Tldr of trenton's PHD thesis
Attention ≈ Sparse Distributed Memory (SDM): Shows that transformer attention is mathematically equivalent to Kanerva’s SDM — a neuroscience-inspired associative memory model from the 1980s. The softmax attention weights approximate the “circle intersection” weighting that SDM uses. This gives a biologically plausible story for why attention works.
SDM for continual learning: Uses SDM principles (sparse, high-dimensional representations with localized writes) to build MLPs that avoid catastrophic forgetting. Inspired by cerebellar architecture. The sparse activation pattern means new learning doesn’t overwrite old memories as much.

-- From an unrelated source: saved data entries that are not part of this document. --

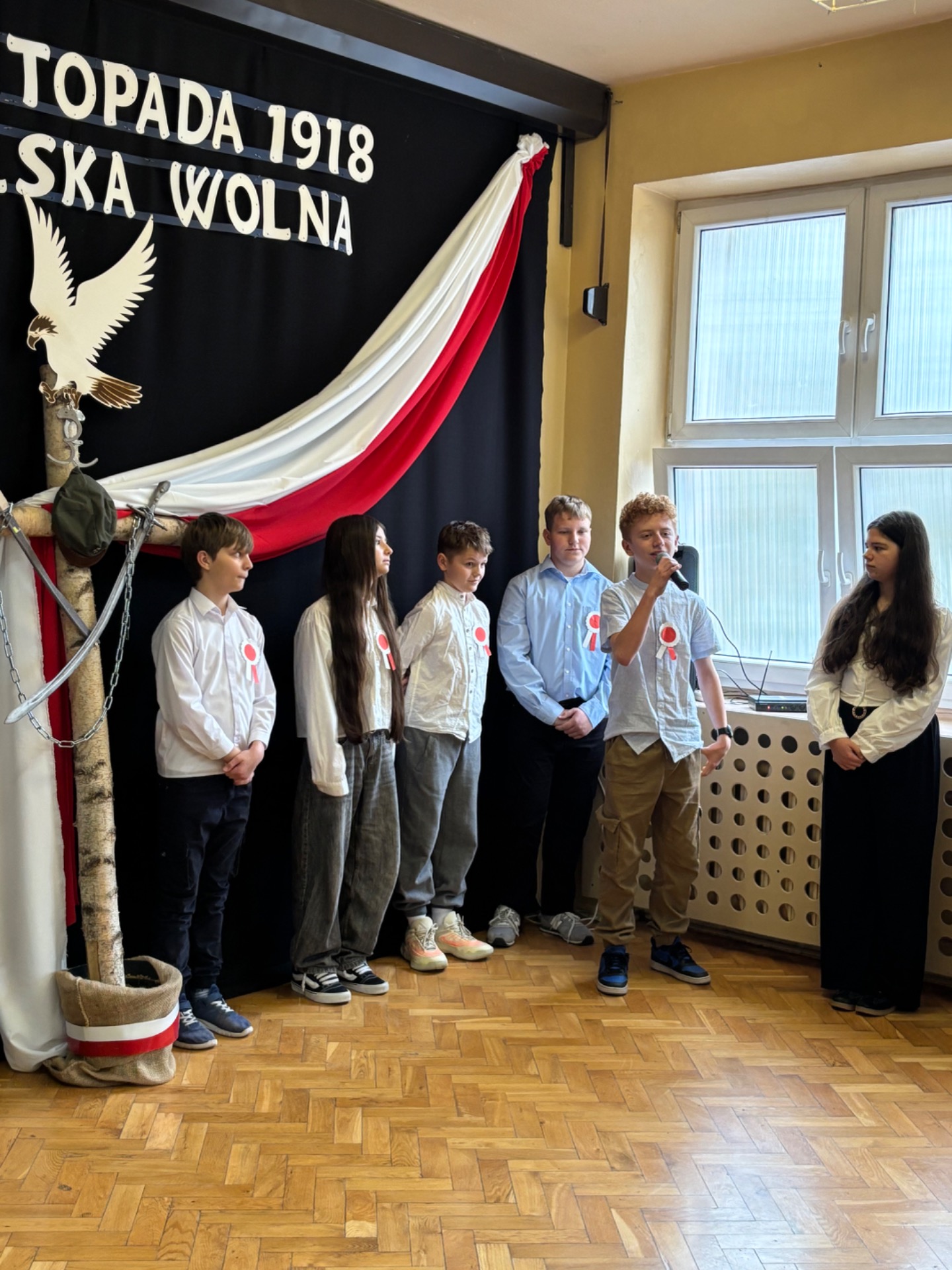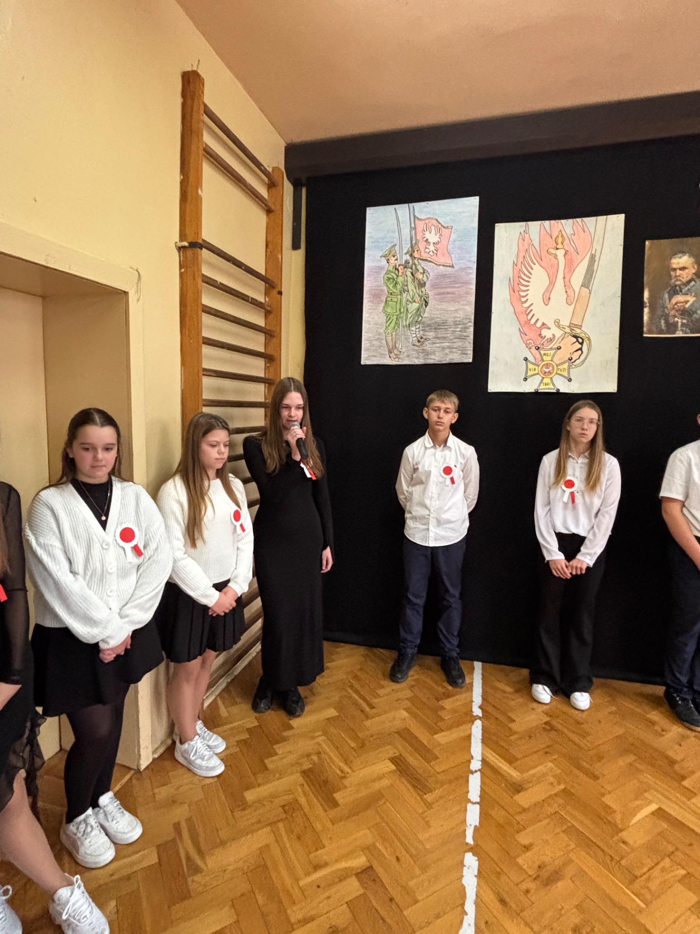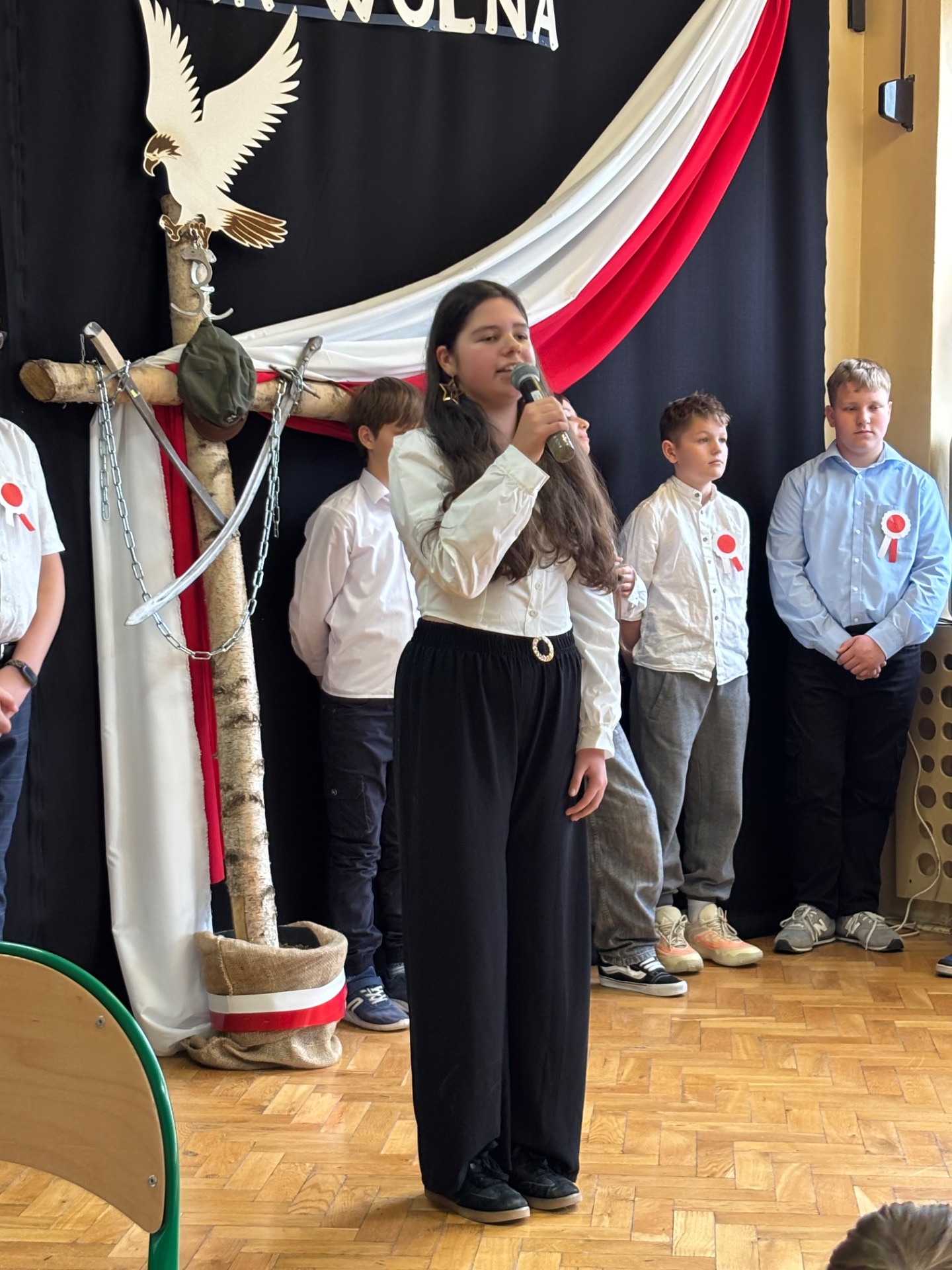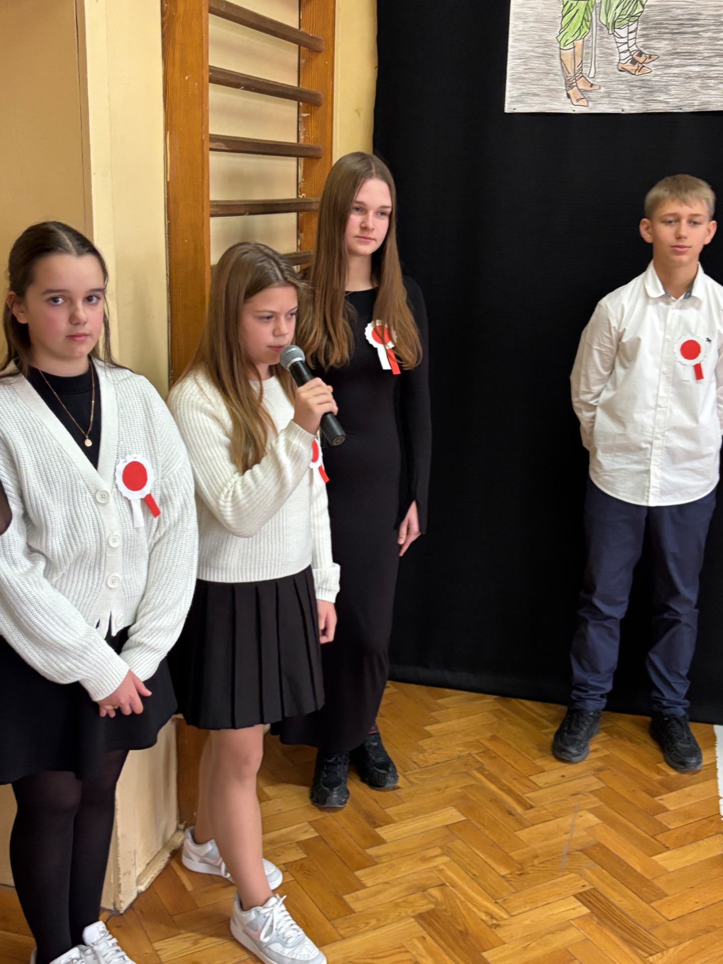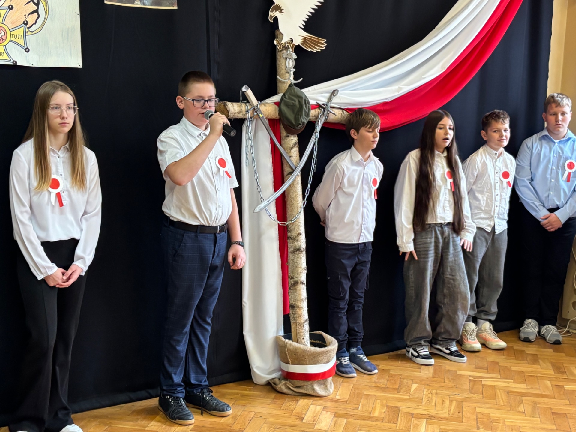 Uroczystość, która odbyła się pod hasłem „Polska Wolna”, była wspaniałą lekcją historii i patriotyzmu. Szóstoklasiści przygotowali poruszający montaż słowno-muzyczny, który przypomniał nam o znaczeniu wolności i konieczności pielęgnowania pamięci o tych, którzy walczyli o niepodległość naszej Ojczyzny. Uczniowie z wielkim zaangażowaniem recytowali wzruszające utwory patriotyczne. Sala rozbrzmiewała dźwiękami pięknych pieśni wykonywanych przez uczniów klas IV - VII, których akompaniament, grany na akordeonie, dodawał występowi wyjątkowo podniosłej atmosfery. Każda klasa pod okiem p. Stanisława Pietrasiaka przygotowała inną pieśń.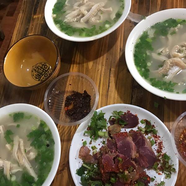 就是我们通常叫的“苍蝇馆子”超级好吃,老板态度超级好,我们一家三口,两碗牛杂汤,小份卤牛肉,撑死了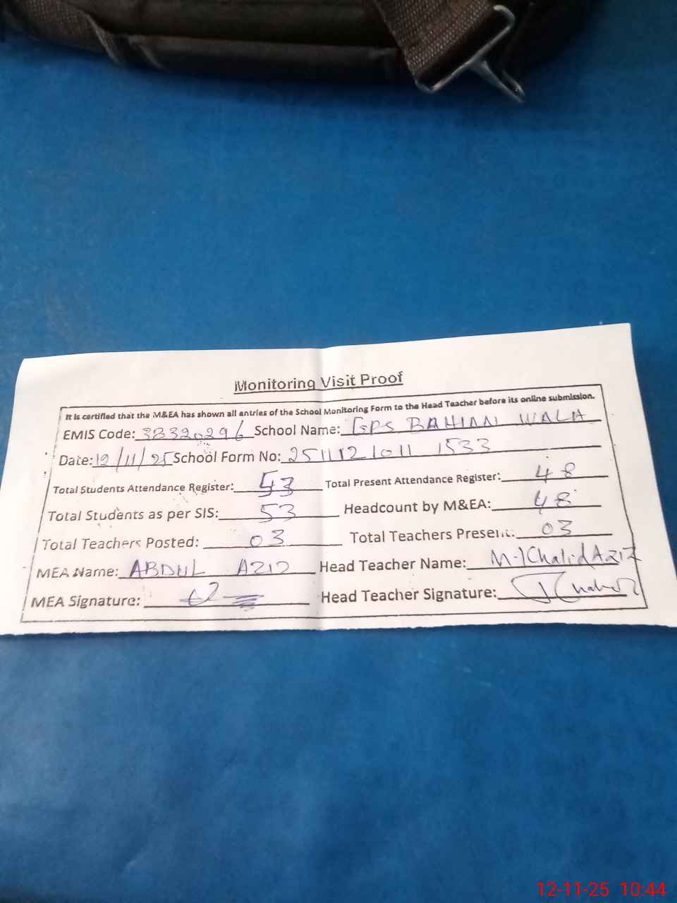 | Attendance Register | Head Teacher | MEA with School | Visit Proof |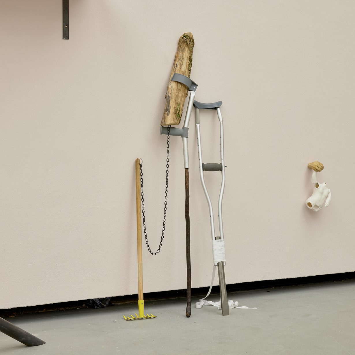 Jesse Darling, Grandad I (Ploughman John), 2023, wood, rake, crutch, chain, 145 × 24 × 33 cm. Photo: Tom Carter. Courtesy the artist; Chapter NY, New York; Arcadia Missa, London; Galerie Molitor, Berlin; and Galerie Sultana, Paris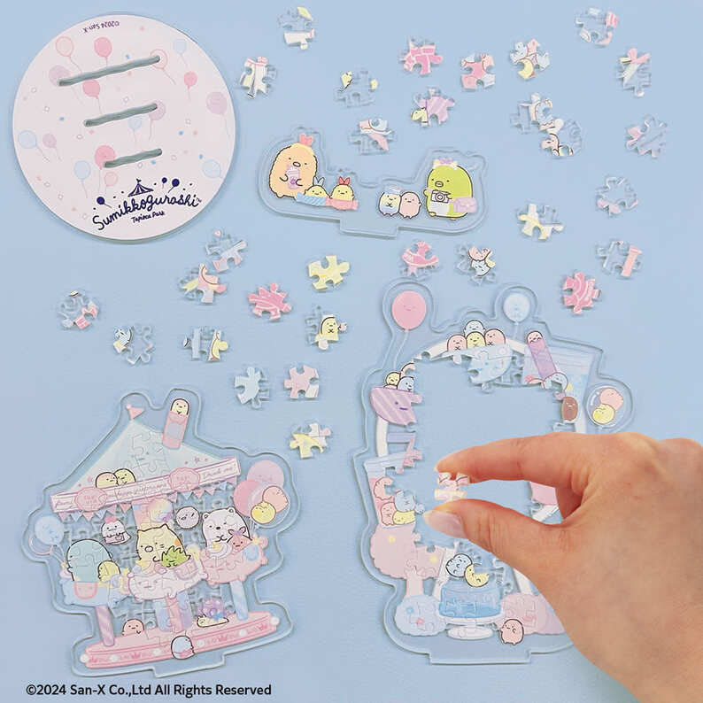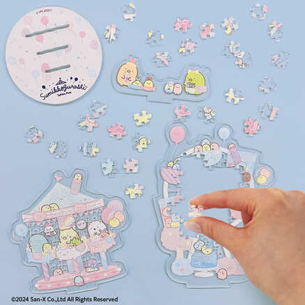 2枚のパズルと1枚のパーツを組み合わせアクリルスタンド風にディスプレイして楽しめます!

Noise → Sparsity: Training with noise (like dropout, but on activations) naturally induces sparse representations. Networks learn to push neurons below the ReLU threshold most of the time, then “jump” to high activations when genuinely needed. Also produces Gabor-filter-like receptive fields spontaneously. Offers a potential explanation for why biological neurons are sparse.
Sparse Autoencoders for Interpretability: This is the Anthropic “Towards Monosemanticity” paper. Uses dictionary learning to decompose LLM activations into interpretable sparse features, addressing superposition (where models pack many concepts into fewer dimensions). Shows you can extract clean features like “Arabic text” or “DNA sequences” that are more interpretable than individual neurons.→ Sparse codes are good for memory capacity, continual learning, noise robustness, and interpretability.